- **Work request**:
Of all the lines below, return only those starting with the line holding "328期:【千金难买】 🍟15组3中3🍟" and going on through the line holding "Un arrière - plan", exactly as written.

(Stored data)
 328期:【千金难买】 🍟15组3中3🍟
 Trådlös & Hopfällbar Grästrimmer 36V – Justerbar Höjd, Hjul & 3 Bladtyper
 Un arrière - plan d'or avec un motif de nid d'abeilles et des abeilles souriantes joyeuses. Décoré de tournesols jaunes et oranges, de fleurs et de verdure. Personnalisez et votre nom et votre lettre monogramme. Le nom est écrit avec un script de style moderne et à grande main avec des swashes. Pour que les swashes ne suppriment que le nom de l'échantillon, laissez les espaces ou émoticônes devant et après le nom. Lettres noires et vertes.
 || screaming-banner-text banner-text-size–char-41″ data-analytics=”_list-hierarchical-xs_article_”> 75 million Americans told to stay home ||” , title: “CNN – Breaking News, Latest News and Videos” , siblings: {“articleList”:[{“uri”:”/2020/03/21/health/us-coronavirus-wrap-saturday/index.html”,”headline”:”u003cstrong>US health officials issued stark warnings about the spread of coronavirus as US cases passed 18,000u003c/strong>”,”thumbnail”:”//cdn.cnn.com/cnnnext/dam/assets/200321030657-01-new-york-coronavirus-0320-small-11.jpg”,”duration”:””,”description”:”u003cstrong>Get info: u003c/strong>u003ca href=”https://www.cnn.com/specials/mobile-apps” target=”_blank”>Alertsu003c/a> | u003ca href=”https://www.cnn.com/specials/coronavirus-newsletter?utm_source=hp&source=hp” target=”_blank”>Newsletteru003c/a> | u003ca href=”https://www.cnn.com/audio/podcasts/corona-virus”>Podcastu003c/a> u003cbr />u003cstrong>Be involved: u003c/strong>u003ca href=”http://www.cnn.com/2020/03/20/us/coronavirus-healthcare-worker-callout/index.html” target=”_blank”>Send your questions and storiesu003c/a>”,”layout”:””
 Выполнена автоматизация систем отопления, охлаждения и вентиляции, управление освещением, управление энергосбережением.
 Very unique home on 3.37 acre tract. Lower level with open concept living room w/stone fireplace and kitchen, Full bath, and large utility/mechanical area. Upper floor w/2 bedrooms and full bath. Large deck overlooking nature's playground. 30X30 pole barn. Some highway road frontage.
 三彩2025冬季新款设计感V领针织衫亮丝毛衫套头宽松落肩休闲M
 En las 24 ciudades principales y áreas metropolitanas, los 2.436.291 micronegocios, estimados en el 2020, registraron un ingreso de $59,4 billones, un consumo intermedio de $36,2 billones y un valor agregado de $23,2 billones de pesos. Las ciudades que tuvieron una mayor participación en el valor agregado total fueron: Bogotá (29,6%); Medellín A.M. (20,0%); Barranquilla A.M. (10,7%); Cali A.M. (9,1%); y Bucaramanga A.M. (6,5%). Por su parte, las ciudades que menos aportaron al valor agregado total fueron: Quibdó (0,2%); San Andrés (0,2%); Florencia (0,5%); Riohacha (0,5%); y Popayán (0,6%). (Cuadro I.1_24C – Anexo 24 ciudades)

==

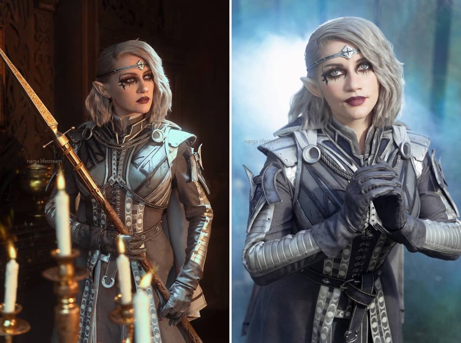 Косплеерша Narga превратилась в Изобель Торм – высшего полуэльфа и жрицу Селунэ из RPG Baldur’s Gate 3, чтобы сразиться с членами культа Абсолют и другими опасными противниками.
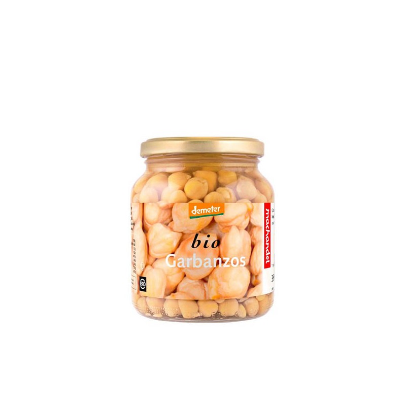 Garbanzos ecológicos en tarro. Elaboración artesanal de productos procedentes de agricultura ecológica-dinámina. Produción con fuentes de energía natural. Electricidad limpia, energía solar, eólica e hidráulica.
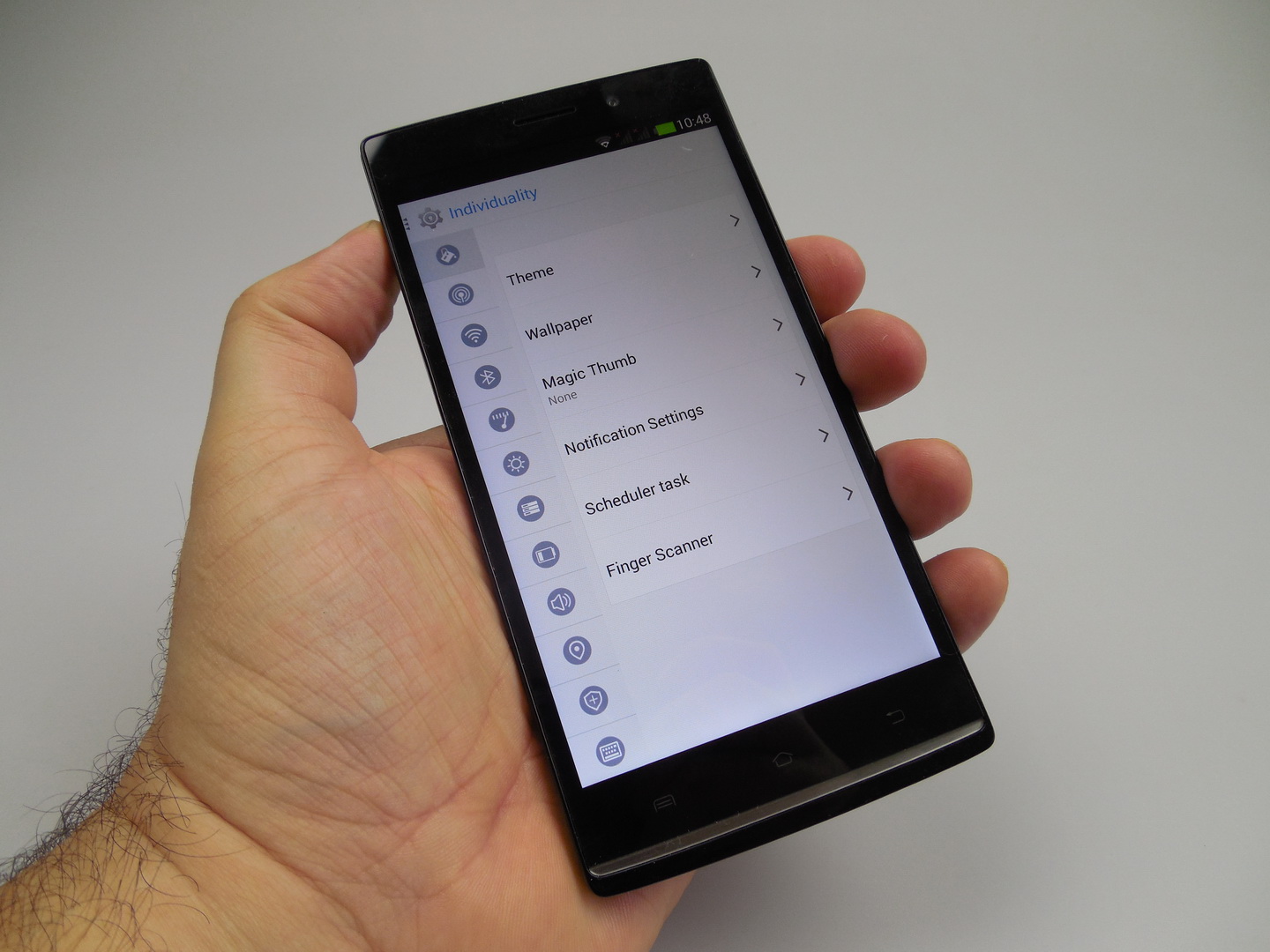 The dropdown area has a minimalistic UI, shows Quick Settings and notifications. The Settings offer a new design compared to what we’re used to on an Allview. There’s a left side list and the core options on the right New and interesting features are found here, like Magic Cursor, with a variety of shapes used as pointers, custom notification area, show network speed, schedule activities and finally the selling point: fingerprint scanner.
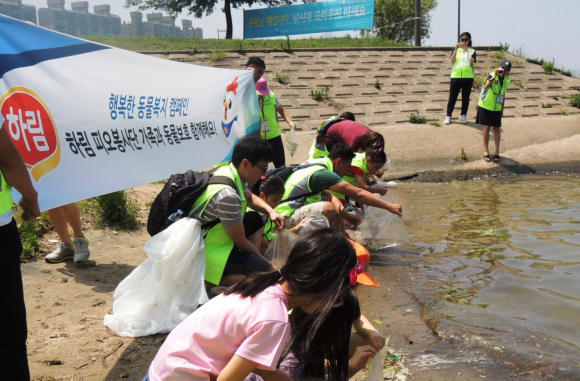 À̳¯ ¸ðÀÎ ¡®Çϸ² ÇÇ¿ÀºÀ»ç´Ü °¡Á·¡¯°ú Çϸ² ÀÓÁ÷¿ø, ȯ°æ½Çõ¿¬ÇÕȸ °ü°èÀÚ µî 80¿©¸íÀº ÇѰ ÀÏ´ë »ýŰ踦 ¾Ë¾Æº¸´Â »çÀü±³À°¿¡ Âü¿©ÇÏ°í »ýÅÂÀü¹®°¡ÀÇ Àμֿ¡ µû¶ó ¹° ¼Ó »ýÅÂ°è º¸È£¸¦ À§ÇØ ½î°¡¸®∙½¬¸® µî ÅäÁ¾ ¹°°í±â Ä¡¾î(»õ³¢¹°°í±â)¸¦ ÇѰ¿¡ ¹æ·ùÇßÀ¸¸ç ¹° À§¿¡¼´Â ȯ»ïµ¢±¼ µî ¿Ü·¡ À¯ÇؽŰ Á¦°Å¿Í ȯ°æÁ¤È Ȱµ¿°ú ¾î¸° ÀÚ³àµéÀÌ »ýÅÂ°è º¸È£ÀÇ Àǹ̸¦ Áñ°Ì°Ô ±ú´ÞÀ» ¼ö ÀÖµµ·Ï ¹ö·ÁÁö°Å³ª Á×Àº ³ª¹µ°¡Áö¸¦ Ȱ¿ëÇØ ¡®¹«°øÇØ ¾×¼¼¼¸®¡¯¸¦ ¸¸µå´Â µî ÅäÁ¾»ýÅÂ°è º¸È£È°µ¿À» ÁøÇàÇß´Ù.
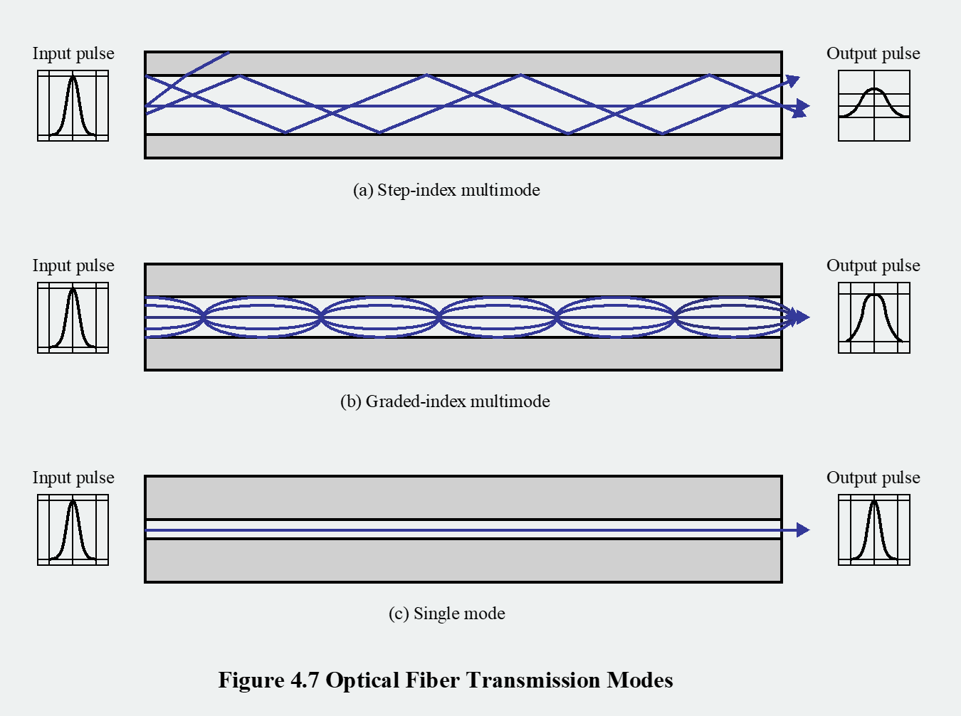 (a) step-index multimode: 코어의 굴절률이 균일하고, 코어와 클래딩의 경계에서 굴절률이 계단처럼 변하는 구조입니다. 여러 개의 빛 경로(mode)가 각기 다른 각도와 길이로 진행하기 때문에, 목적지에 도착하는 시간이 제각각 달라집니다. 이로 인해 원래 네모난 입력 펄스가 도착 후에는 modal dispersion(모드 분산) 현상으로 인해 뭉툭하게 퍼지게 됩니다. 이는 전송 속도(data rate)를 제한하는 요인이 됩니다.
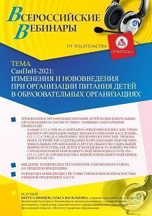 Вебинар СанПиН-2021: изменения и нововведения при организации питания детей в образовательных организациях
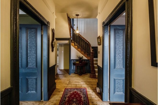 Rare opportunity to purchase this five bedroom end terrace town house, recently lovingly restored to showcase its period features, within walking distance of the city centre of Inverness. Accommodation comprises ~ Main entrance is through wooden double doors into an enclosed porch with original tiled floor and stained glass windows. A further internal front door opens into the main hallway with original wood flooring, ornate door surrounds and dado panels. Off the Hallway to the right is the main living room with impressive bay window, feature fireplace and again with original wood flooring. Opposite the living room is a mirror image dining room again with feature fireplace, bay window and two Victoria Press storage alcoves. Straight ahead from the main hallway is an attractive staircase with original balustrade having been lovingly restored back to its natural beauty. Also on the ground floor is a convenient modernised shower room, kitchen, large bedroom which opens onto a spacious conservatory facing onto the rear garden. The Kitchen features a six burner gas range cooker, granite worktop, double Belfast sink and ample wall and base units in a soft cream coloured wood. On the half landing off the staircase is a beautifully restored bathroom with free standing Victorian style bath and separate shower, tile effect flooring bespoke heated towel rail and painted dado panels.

- **Answer for the task**:
 328期:【千金难买】 🍟15组3中3🍟
 Trådlös & Hopfällbar Grästrimmer 36V – Justerbar Höjd, Hjul & 3 Bladtyper
 Un arrière - plan d'or avec un motif de nid d'abeilles et des abeilles souriantes joyeuses. Décoré de tournesols jaunes et oranges, de fleurs et de verdure. Personnalisez et votre nom et votre lettre monogramme. Le nom est écrit avec un script de style moderne et à grande main avec des swashes. Pour que les swashes ne suppriment que le nom de l'échantillon, laissez les espaces ou émoticônes devant et après le nom. Lettres noires et vertes.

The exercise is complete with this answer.